(Dataset extract)

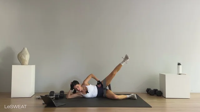 Haremos ejercicios como: Desplante + booty kick, peso muerto a una pierna, puentes, clams, elevaciones laterales y más.
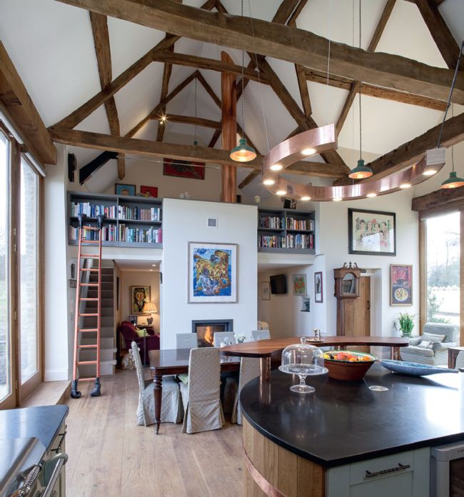 Maintaining the original character of this property was a top priority for the homeowners throughout their barn conversion project. The building is listed, so the works had to adhere to strict planning conditions stipulated by the local conservation officer. As such, the design team at Blake Architects developed a scheme that retains the original walls and roof of the dwelling, thus preserving its authentic agricultural style, while integrating new elements such as storey-height glazing to bathe the open-plan interiors with natural light. A mezzanine level was also incorporated in this central vaulted area to house the owners’ collection of books and paintings.
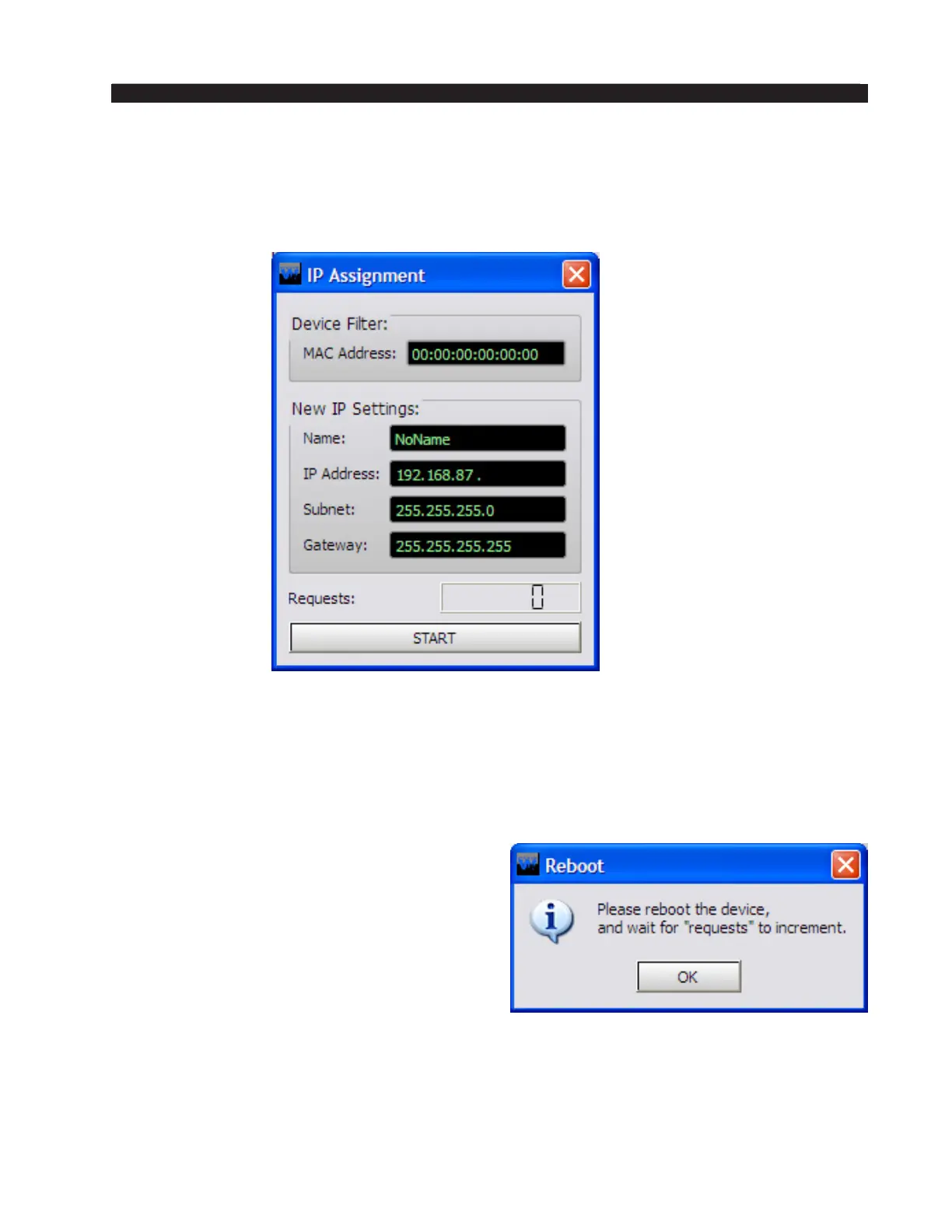 to do this). Watch the Requests entry near the bottom of the IP Assignment dialog. You
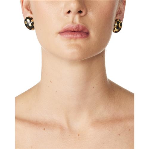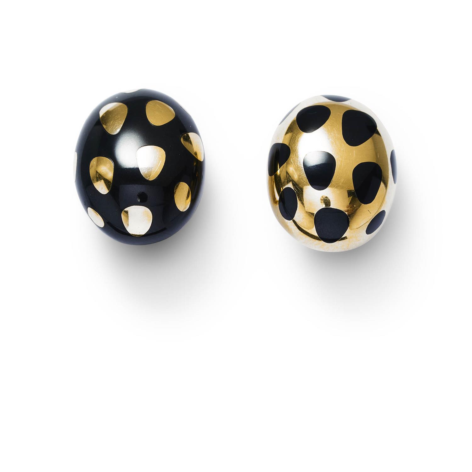 Each of inverse design, modelled as a bombé elliptical plaque, embellished at intervals with freeform gold and black jade accents, length 24mm, width 18mm, post and clip fittings, signed Tiffany & Co.
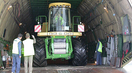 Mit einem Großraumflugzeug vom Typ Antonow 124-100 sind jetzt gleich mehr als ein Dutzend Krone-Maschinen von Hannover-Langenhagen nach Russland…
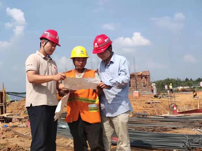 赤日炎炎似火燒。10月1日,在舉國歡慶的日子里,熱鬧的石壩口50兆瓦漁光互補光伏項目現(xiàn)場,活躍著一群追“光”人,他們扎根在項目上,守護項目建設的安全、質(zhì)量、進度。為了避開高溫時段,天剛蒙蒙亮,該公司新能源公司員工趙禹涵、劉宸佑就來到光伏升壓站施工現(xiàn)場,他們組織施工人員核對一天的項目任務,開展“三講一落實”,夯實施工安全基礎。
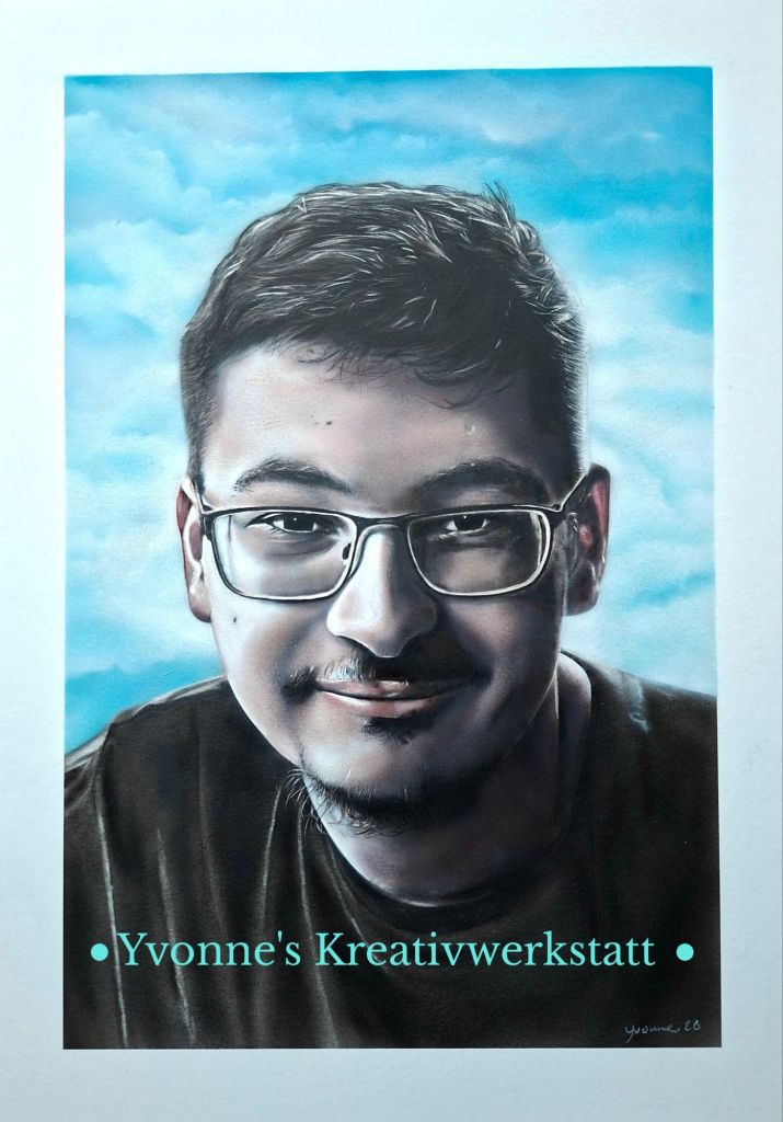 Dieses Portrait ist nach einer privaten Fotovorlage entstanden. Der Hintergrund habe ich nach eigener Interpretation abgeändert.
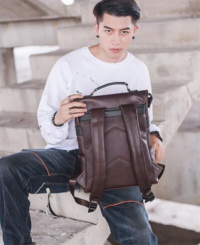 Fashions発売韓国ファッション大人気おしゃれな大容量個性カレッジ風PUレザーデイバッグリュックサックメンズ
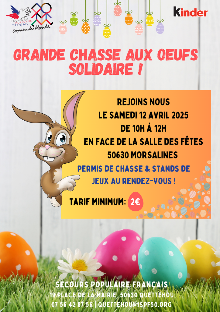 Cette année encore l’antenne de Quettehou du Secours populaire organise une grande chasse aux œufs.
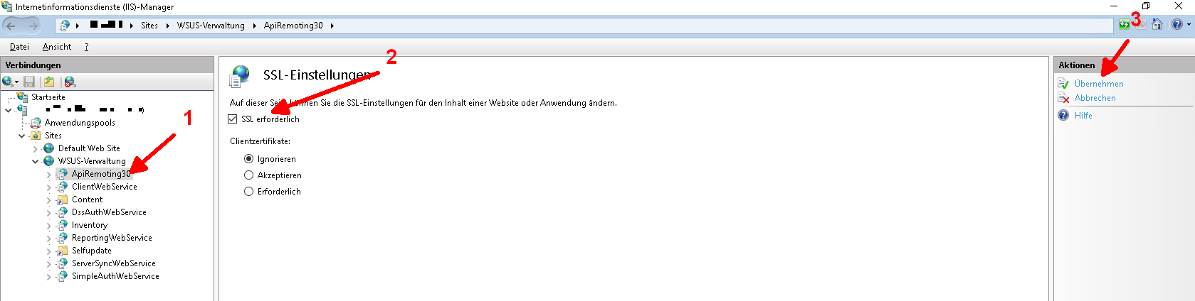 Für folgende virtuelle Verzeichnisse sollte nun die Kommunikation über SSL erzwungen werden:

(End Dataset extract)

How to complete this task:
Your job is to repeat every entry exactly, keeping all pictures out of the copy.

The completed task:
 Haremos ejercicios como: Desplante + booty kick, peso muerto a una pierna, puentes, clams, elevaciones laterales y más.
 Maintaining the original character of this property was a top priority for the homeowners throughout their barn conversion project. The building is listed, so the works had to adhere to strict planning conditions stipulated by the local conservation officer. As such, the design team at Blake Architects developed a scheme that retains the original walls and roof of the dwelling, thus preserving its authentic agricultural style, while integrating new elements such as storey-height glazing to bathe the open-plan interiors with natural light. A mezzanine level was also incorporated in this central vaulted area to house the owners’ collection of books and paintings.
 to do this). Watch the Requests entry near the bottom of the IP Assignment dialog. You
 Each of inverse design, modelled as a bombé elliptical plaque, embellished at intervals with freeform gold and black jade accents, length 24mm, width 18mm, post and clip fittings, signed Tiffany & Co.
 Mit einem Großraumflugzeug vom Typ Antonow 124-100 sind jetzt gleich mehr als ein Dutzend Krone-Maschinen von Hannover-Langenhagen nach Russland…
 赤日炎炎似火燒。10月1日,在舉國歡慶的日子里,熱鬧的石壩口50兆瓦漁光互補光伏項目現(xiàn)場,活躍著一群追“光”人,他們扎根在項目上,守護項目建設的安全、質(zhì)量、進度。為了避開高溫時段,天剛蒙蒙亮,該公司新能源公司員工趙禹涵、劉宸佑就來到光伏升壓站施工現(xiàn)場,他們組織施工人員核對一天的項目任務,開展“三講一落實”,夯實施工安全基礎。
 Dieses Portrait ist nach einer privaten Fotovorlage entstanden. Der Hintergrund habe ich nach eigener Interpretation abgeändert.
 Fashions発売韓国ファッション大人気おしゃれな大容量個性カレッジ風PUレザーデイバッグリュックサックメンズ
 Cette année encore l’antenne de Quettehou du Secours populaire organise une grande chasse aux œufs.
 Für folgende virtuelle Verzeichnisse sollte nun die Kommunikation über SSL erzwungen werden:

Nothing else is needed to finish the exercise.